A presidente da Associação das Mulheres do Centro Bubacalhau afirmou que existe boa relação entre as transformadoras e a associação dos pescadores da pesca artesanal do Rio Grande Buba, que lhes têm fornecido pescado para que não ficassem paradas.

“Temo-nos cooperado com os pescadores do Rio Grande Buba. No período de repouso biológico essa relação torna-se mais efetiva, sobretudo na utilização das malhas recomendadas pelas autoridades. Nos meses de agosto e setembro, sobretudo, os pescadores praticam mais a pesca com varas e armadilhas”, assegurou.

Sene Nhabali afirmou que a produção diminuiu porque alguns tradicionais pescadores da pesca artesanal estão a ficar velhos e não conseguem fazer-se ao mar por muito tempo, bem como a falta de materiais e redes autorizadas para pesca naquela zona, o que acaba por levar muitos a violarem as regras, utilizando redes proibidas para poderem sobreviver.

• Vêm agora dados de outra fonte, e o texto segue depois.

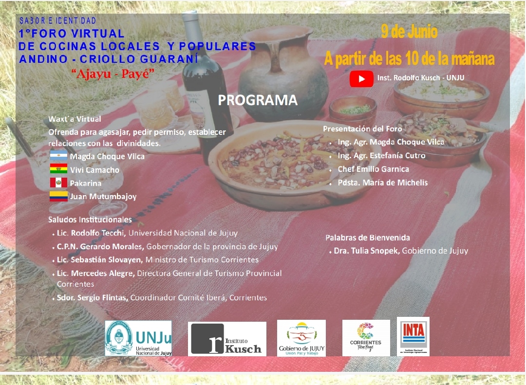 A partir de hoy, Tilcara es centro del 1º Foro de modalidad Virtual de Cocinas Locales y Populares Andino – Criollo Guaraní «Ajayu – Payé», espacio en el que se compartirán experiencias, saberes y haceres de la cocina regional. El encuentro se extenderá hasta el 12 de junio y se podrá seguir a través del canal YouTube Inst. Rodolfo Kusch – UNJU.
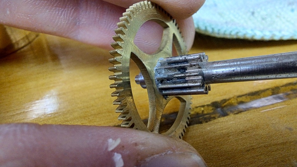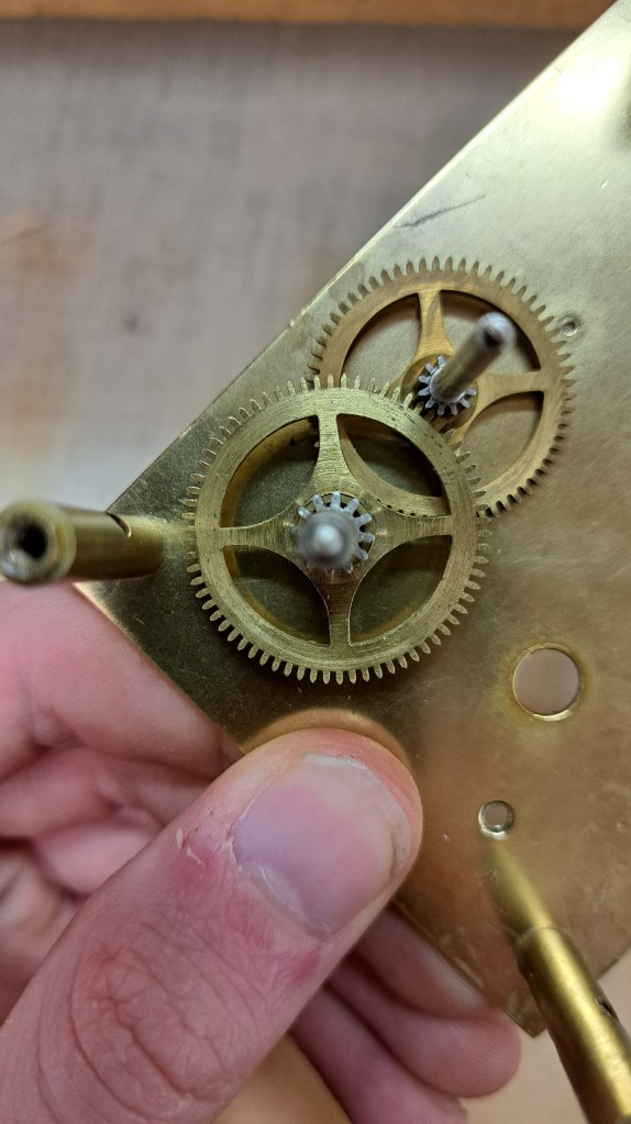 The replacement wheel came from a clock that was also in need of repair, and it turned out that this wheel was again the issue – though this time it was much easier to fix. One of the teeth was bent slightly and caused friction; in the photo, the guilty tooth it is on the lower wheel but toward the top of it, 2 or 3 teeth to the left of the pinion. I carefully bent it back and checked it ran smooth.

“Têm noção que essas redes são nocivas ao ecossistema marinho e que a sua utilização indevida pode provocar a fuga de peixes de uma zona para outra, porque quando capturam peixes com essas redes  muitos morrem e contaminam o ambiente e se o ambiente não for favorável abandonam esse local”, esclareceu, tendo apelo à direção-geral da pesca artesanal a trabalhar em parceria com os pescadores do Rio Grande de Buba, abrir uma loja de venda de materiais, apoiá-los com materiais de pesca, bem como treiná-los  em matéria de conservação do ecossistema marinho e  o perigo que a pesca não recomendada representa e aos  recursos do mar.

“O nosso maior entrave neste momento é a falta de meios financeiros e de conservação do pescado. A fábrica que nos fornecia gelo já não funciona há mais de um mês. Está com avaria e como alternativa recorremos ao processo de fumagem da pouca quantidade que conseguimos ter nessa época das chuvas. Não usamos tarrafes, porque foi-nos recomendado que é uma prática nociva contra o meio ambiente. Usamos lenhas de outras árvores. É um processo longo, de meses, sobretudo a transformação, mas temos lidado com dificuldades”, disse.

Sene Nhabali apelou ao governo a dar a maior atenção às mulheres de pequenas iniciativas de geradoras de rendimento económico, das cooperativas agrícolas, das organizações camponesas, empreendedoras para poder lutar contra a fome, promover o desenvolvimento e o bem-estar social da população.  Enfatizou o papel da AMAE- A Associações das Mulheres em Atividade Económica, na dinamização das atividades das mulheres transformadoras de bacalhau “Bubabacalhau”.

“Portanto, o executivo tem de tratar todas as organizações com iniciativas desta natureza em pé de igualdade”, concluiu, lembrando que o centro tem ajudado muito no escoamento de pequenas capturas no período de repouso biológico.

Lamentou que não tenham beneficiado de nenhum apoio financeiro durante a vigência da pandemia da Covid-19 e tenham sobrevivido apenas com esforços internos.